In a previous post I wrote about the power of positive influences and how this has a great impact on our health.
But what if the influence of others isn't the problem? What if our own negative voice is the biggest problem?
When I think about the most discouraging voice that talks to me, I realize that it usually comes from me.
On that self-defeating voice...
You know the voice. It's the one that says things like:
- You aren't good enough.
- You can't do this.
This voice is in all of us, to some extent. Fear and doubt are "wired" into us. So we might as well accept this part of ourselves and learn how to best deal with it.
The Up-Side of Fear
Fear is actually a good thing, in some ways. Its job is to protect us. It's that voice that says, This is unfamiliar territory, and it might be unsafe.
When we lean over a balcony railing that is 10 stories high, fear says, Don't do that. In these potentially life-threatening instances, fear is a nice thing to have around. (Thanks, fear!)
The Down-Side of Fear
Sometimes fear gets a little dramatic. It wants to act like we could die when there is no life-threatening danger present.
Take public speaking, for example.
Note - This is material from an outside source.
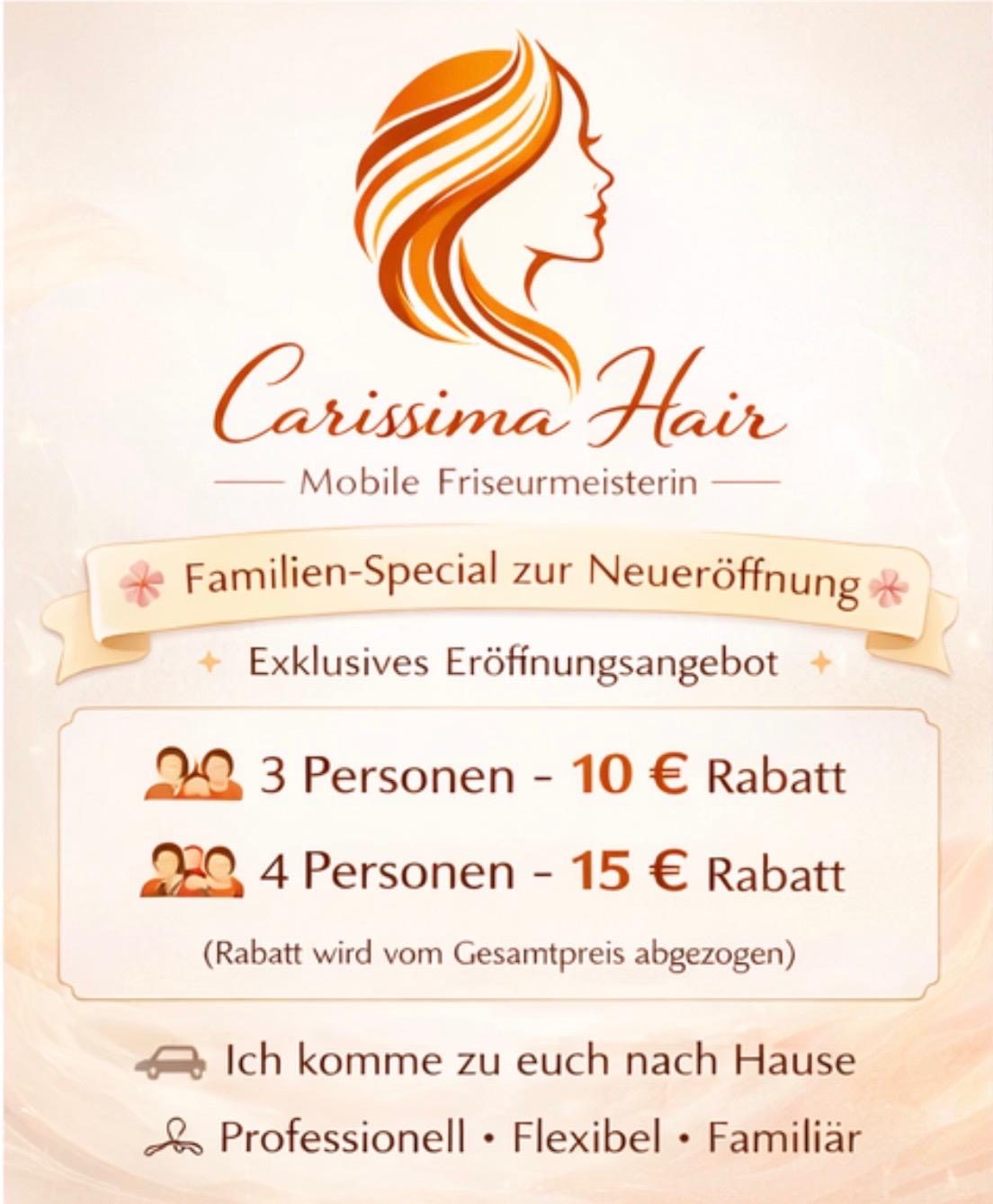 Mobiler Friseurservice * Termine nach Vereinbarung (Nebenerwerb) * Gemäß § 19 UStG wird keine Umsatzsteuer berechnet * Alle Preise in Euro * Preisänderungen vorbehalten * Stand Februar 2026

This is one of the biggest fears that people have, said to affect 3 out of 4 people. Fear of public speaking can be so strong that it can cause physical symptoms such as vomiting or fainting.
In these (non-life-threatening) instances, fear is downright annoying. (Calm down there, fear -- you're freaking out.)
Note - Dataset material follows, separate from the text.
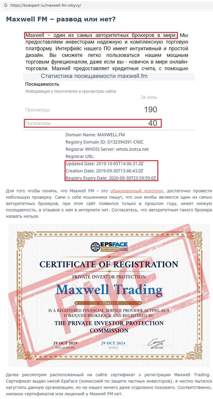 На интернет-ресурсе boexpert ru обнаружена статья о скам-проекте MaxWell Fm, который не является авторитетным брокером. Это всего лишь навсего обыкновенный интернет-лохотрон, который рассчитан на новичков. Сайт шараги имеет низкую посещаемость. Из этого следует вывод о том, что скам-организация Макс Велл не заслуживает доверия !!!

When we take risks in our personal or professional life, when we try something new, or when we are vulnerable with others, fear steps in to do its job. It tells us that this could be unsafe territory. It says, Don't do that, and proceeds to give reasons why. The reasons tend to stem from insecurity, usually in the form of negative self-talk, telling us that we are somehow "not good enough."
For example, we tell ourselves that we are:
- not talented enough
- not smart enough
- not funny enough
- not fit enough
- not attractive enough
- not ___ enough (insert your own self-defeating narrative)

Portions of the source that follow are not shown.